I appreciate your help and thoughts. We have monitored the EBS volumes which are GP3 and GP3 is not a burstable volume type like GP2. We have these currently set at 6000 IOPS and 250 MBS of throughput. We have been monitoring closely via Grafana and Cloudwatch all last week. We have not noticed anything regarding high latency on writes, excessive IOPS, or throughput relative to the limits we increased them to. We are seeing that SST operations where the donor is in the same AZ seem to be pushing the cluster in flow control. We kill the SST then the flow control goes away. We throttled it to 100m via [sst] rlimit option which seems too aggressive. When the SST operation goes across AZs, it behaves fine.

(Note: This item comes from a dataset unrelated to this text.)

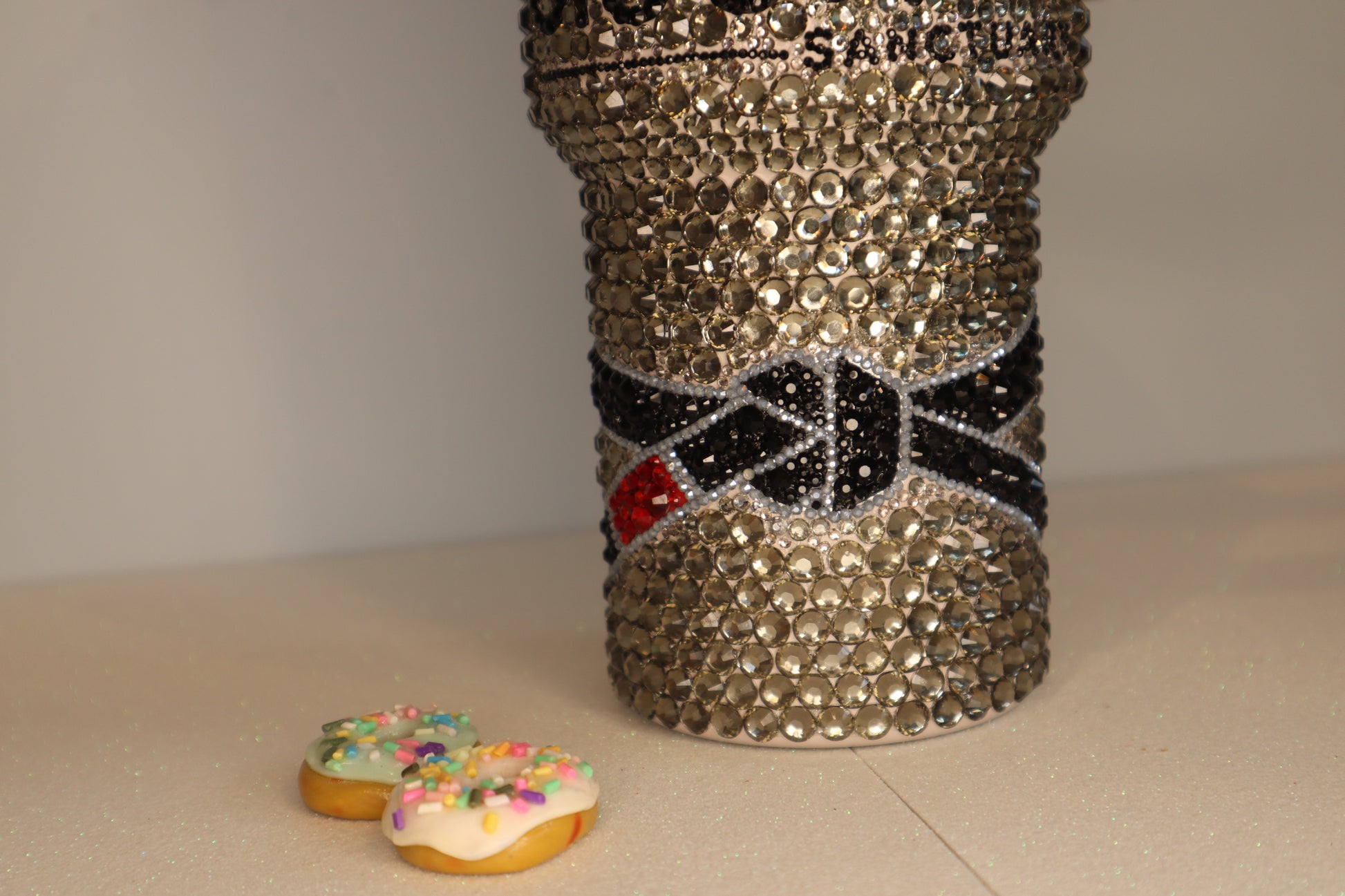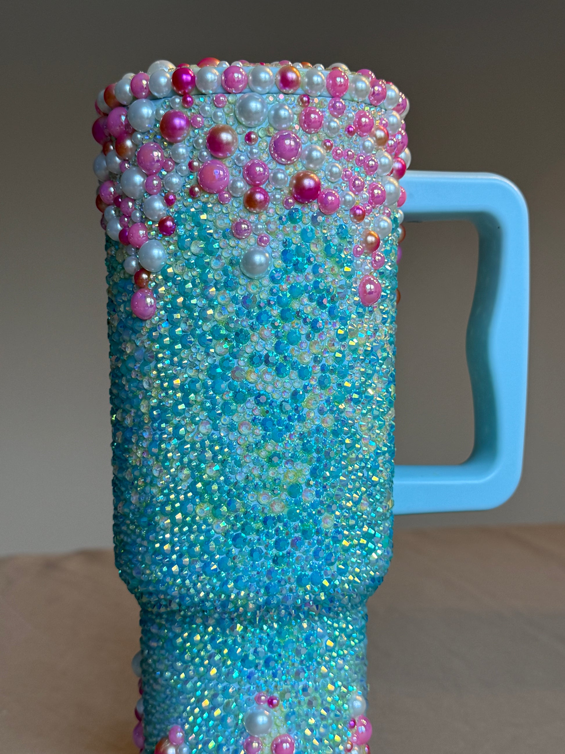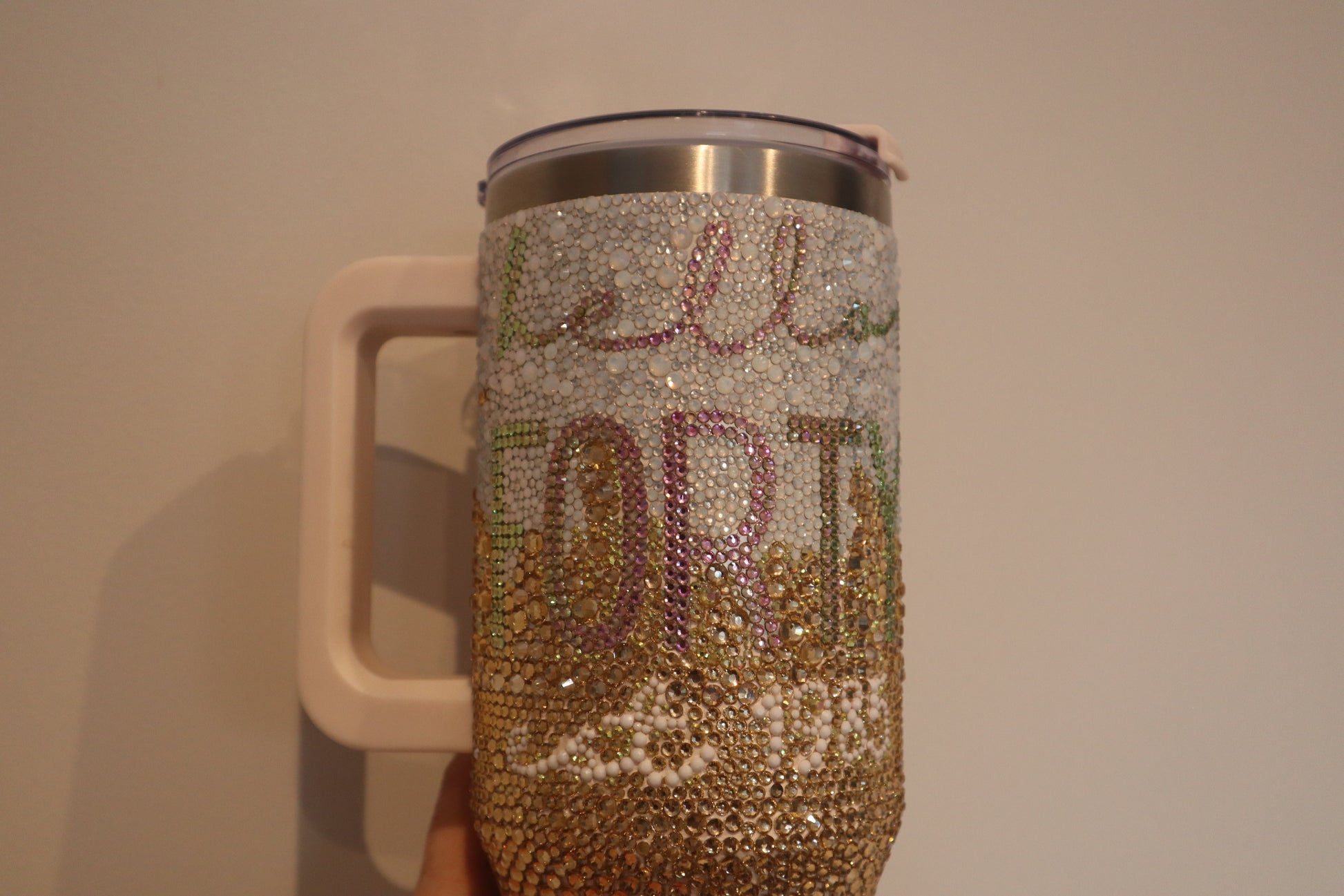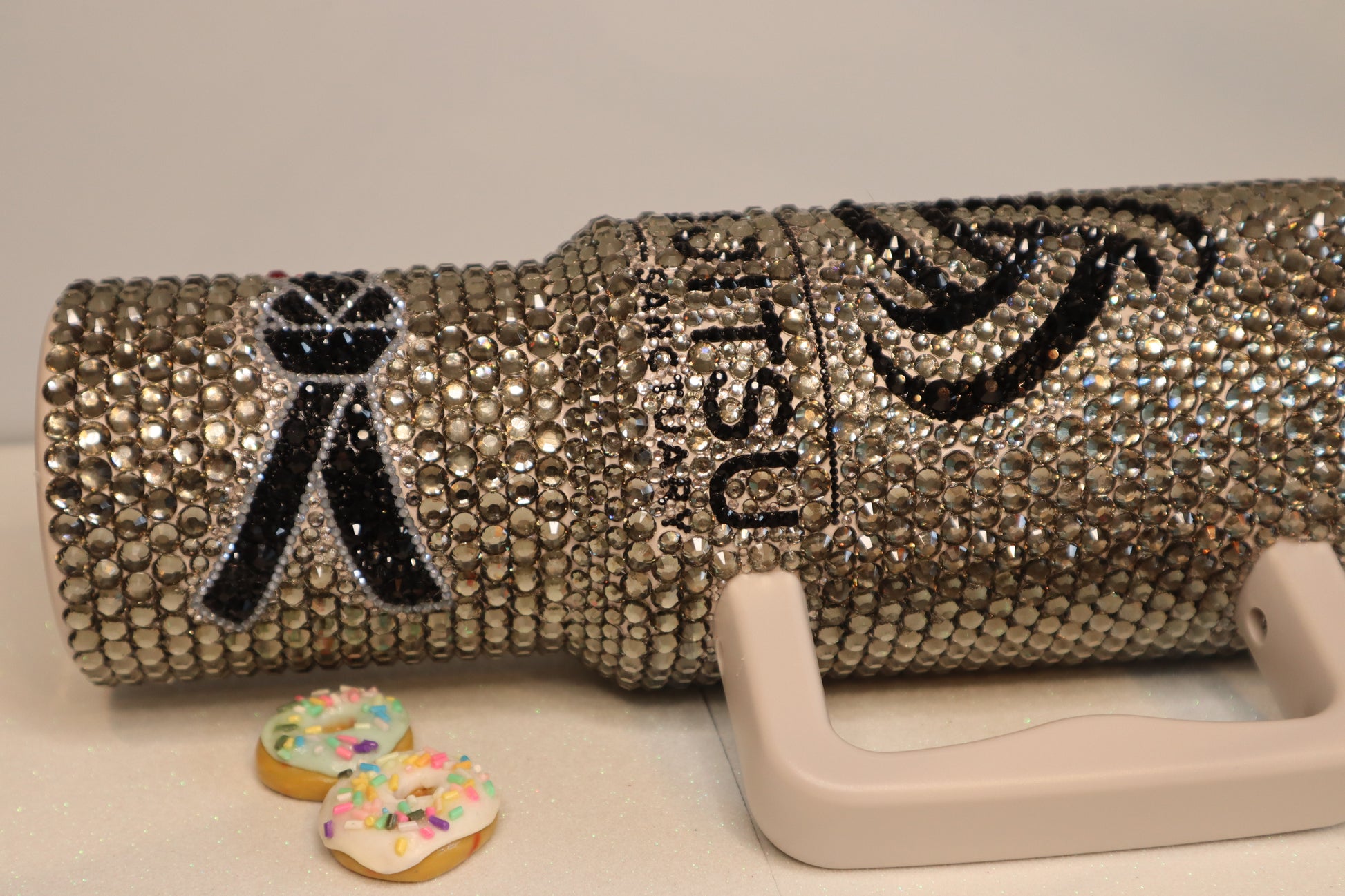 Custom Travel Mug, keeps drinks cold for 8-12hours. Comes with plastic straw and straw cleaner.

I do have a question on the setting gcs.max_throttle which we have set way about the default currently at .75 but was at .99. Trying to understand this setting better as it seems like it might be related to the SST overrun as well. Would this setting have any effect on controlling the pace of replications between the cluster nodes. The more we read, the more the setting sort of confuses us. And it seems like it might be an impactful setting to look at.